What the KKK and Jussie Smollett Have To Do With Accountability?

Accountability and truth always go together. If you’ve been following the news at all this week, you’ve learned about two outrageous news stories that whipped up intense emotions across the entire American social spectrum. The first involved the editor of a small-town Alabama newspaper, and the second involved a high-profile actor on a popular TV show. The two incidents may at first seem to be unrelated, but I’m convinced that they carry the same important lesson about accountability… for leaders and everyone else.

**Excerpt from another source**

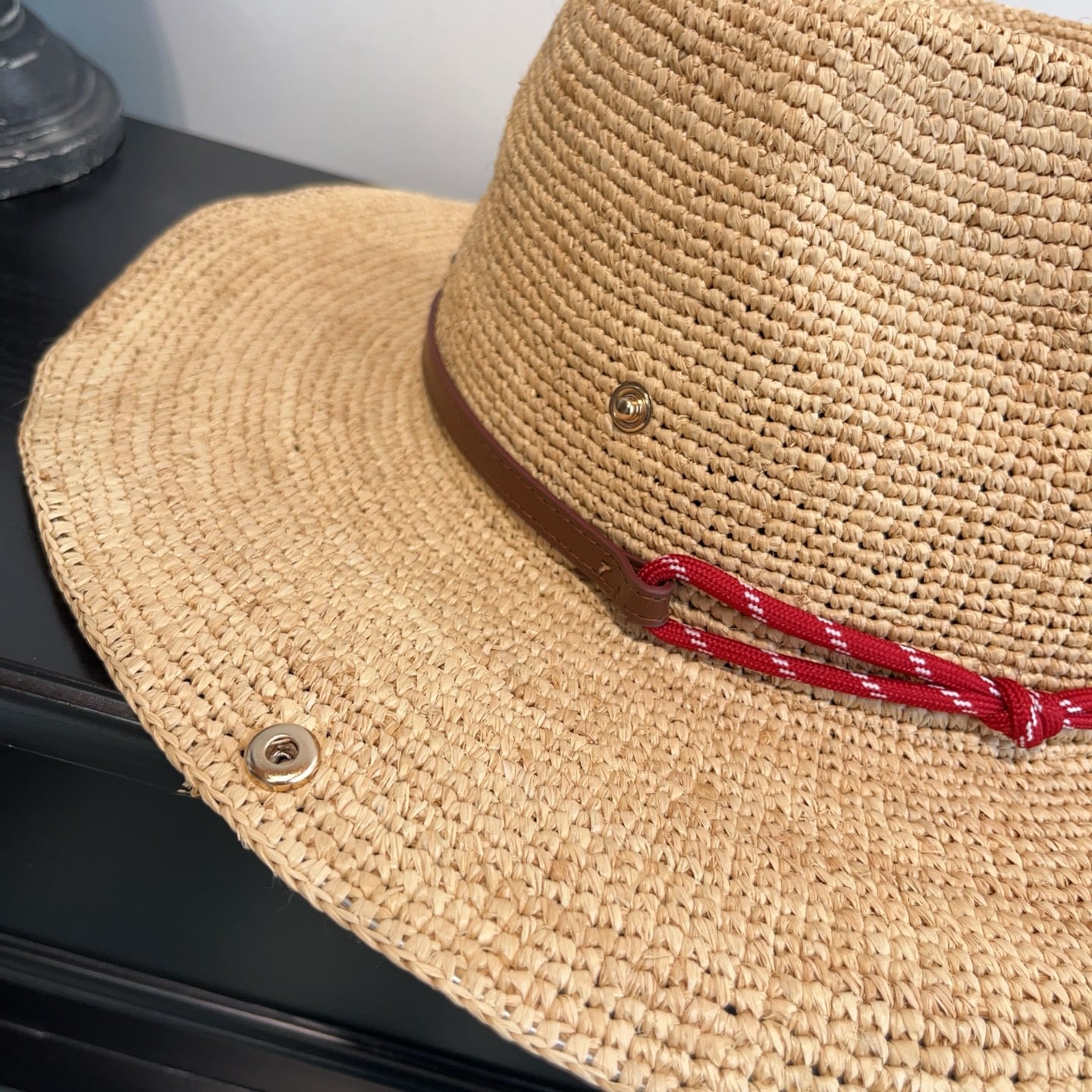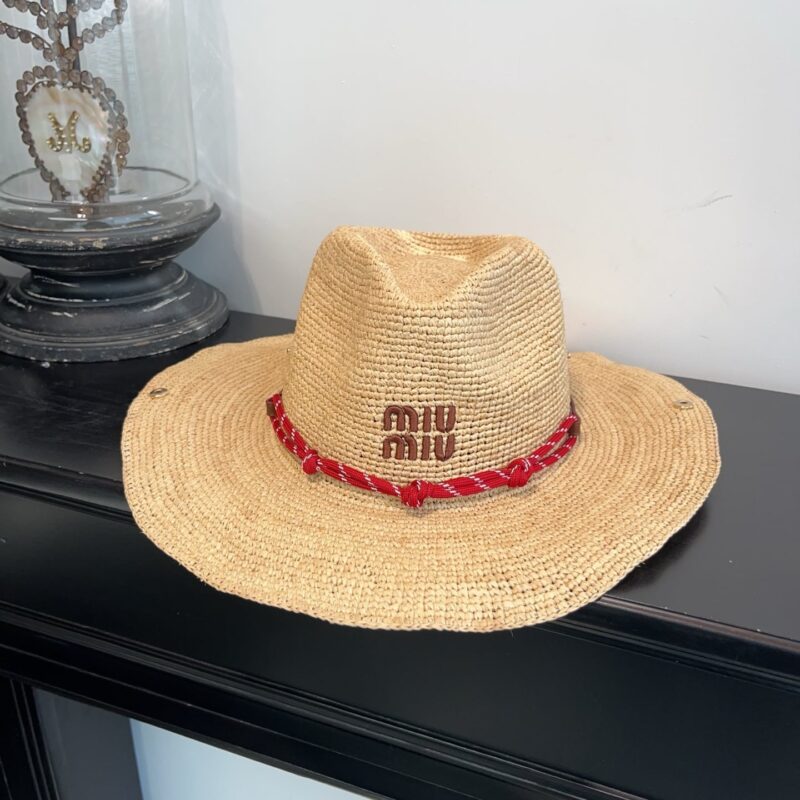 Miumiu Raffia Hat Beige And Burgundy 5HC335 2CWE F0Y59

Goodloe Sutton is a white supremacist and a fan of the Ku Klux Klan who also happens to be the editor of a small town newspaper, the Lindel Democrat-Reporter. Sutton recently penned an editorial calling for the Ku Klux Klan to “ride again” and in the editorial expressed the wish that the Klan would get busy “cleaning up D.C.” of “Democrats in the Republican party, and Democrats who are planning to raise taxes in Alabama.” After the column attracted national attention, someone asked Sutton what he meant, exactly, by “cleaning up D.C.” – – and Sutton came out in favor of the shameful tradition of lynching, long a weapon of the racist, terrorist organization he champions.

Jussie Smollett is an African-American actor on the hit television show Empire. This week he was arrested and accused of filing a false report to Chicago Police about a January 29th incident that he claimed made him victim of a horrific hate crime, and that attracted major media attention when it was first reported. The evidence, according to the Chicago Police Department, indicates that he faked the attack. He now faces trial for the felony offense of filing a false police report.

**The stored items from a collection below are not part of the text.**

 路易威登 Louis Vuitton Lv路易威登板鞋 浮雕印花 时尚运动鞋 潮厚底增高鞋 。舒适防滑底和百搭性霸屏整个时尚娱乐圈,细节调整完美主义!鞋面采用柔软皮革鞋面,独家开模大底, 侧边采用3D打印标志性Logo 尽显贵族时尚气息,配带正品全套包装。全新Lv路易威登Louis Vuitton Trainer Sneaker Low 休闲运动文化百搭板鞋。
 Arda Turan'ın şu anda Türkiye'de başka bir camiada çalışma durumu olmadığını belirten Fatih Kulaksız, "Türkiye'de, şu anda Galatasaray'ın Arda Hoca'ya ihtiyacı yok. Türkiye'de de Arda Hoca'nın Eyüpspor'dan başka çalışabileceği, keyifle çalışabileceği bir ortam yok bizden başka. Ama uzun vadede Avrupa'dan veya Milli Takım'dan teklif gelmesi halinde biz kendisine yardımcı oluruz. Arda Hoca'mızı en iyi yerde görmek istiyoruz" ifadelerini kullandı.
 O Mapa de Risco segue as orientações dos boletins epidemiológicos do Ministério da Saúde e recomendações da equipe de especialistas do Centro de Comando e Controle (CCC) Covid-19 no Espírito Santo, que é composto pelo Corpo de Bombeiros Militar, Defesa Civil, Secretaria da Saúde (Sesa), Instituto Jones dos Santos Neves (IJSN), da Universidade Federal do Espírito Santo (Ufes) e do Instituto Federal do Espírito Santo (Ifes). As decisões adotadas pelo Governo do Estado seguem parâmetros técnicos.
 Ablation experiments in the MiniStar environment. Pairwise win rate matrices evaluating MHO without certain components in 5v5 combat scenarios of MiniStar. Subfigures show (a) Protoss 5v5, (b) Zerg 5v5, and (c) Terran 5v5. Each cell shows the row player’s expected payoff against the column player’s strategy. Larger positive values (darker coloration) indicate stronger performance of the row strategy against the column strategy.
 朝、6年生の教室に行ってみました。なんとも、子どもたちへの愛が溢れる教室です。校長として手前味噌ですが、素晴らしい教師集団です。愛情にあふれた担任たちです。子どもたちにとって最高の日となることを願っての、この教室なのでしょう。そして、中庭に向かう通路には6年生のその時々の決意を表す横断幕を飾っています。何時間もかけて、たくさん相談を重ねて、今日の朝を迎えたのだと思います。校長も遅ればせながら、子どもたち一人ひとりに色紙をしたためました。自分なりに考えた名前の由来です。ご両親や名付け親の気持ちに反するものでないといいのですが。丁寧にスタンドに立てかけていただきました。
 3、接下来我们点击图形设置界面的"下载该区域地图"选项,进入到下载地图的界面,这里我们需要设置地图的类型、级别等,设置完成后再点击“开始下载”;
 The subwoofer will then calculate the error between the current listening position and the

Here, I believe, is the big lesson to take away from both of these sad incidents: lying is the opposite of accountability.

Effective leaders make a clear commitment to tell their people the truth. And both of these men lied through their teeth.

Sutton lied when he promoted an organization founded on the principle that some human beings are inherently superior to others based on the color of their skin. That’s what he meant when he said that he wanted the Klan to ride again, and everyone knows it. Sutton was supporting that philosophy and claiming it to be true. It is not. It is false.

If prosecutors are to be believed, Smollett lied when he told the Chicago Police Department that he had been the victim of a hate crime. In so doing, he would have taken advantage of resources that could have been used to investigate real crimes and made sure the victims of actual hate crimes would continue to face the painful obstacles of skepticism and disbelief.

Accountable people make a commitment to work from facts, and to speak the truth. Period. When they encounter lies, they don’t perpetuate those lies or stand silent about them. They expose them. They know that just because someone says a lie doesn’t make it true.  Lying and accountability can never go together.

These two sickening episodes have much more in common than you might at first imagine, and they do each carry a clear benefit for the country. They each demand that we ask ourselves an important question about our own accountability: If we’re not willing to defend the truth, what are we willing to defend?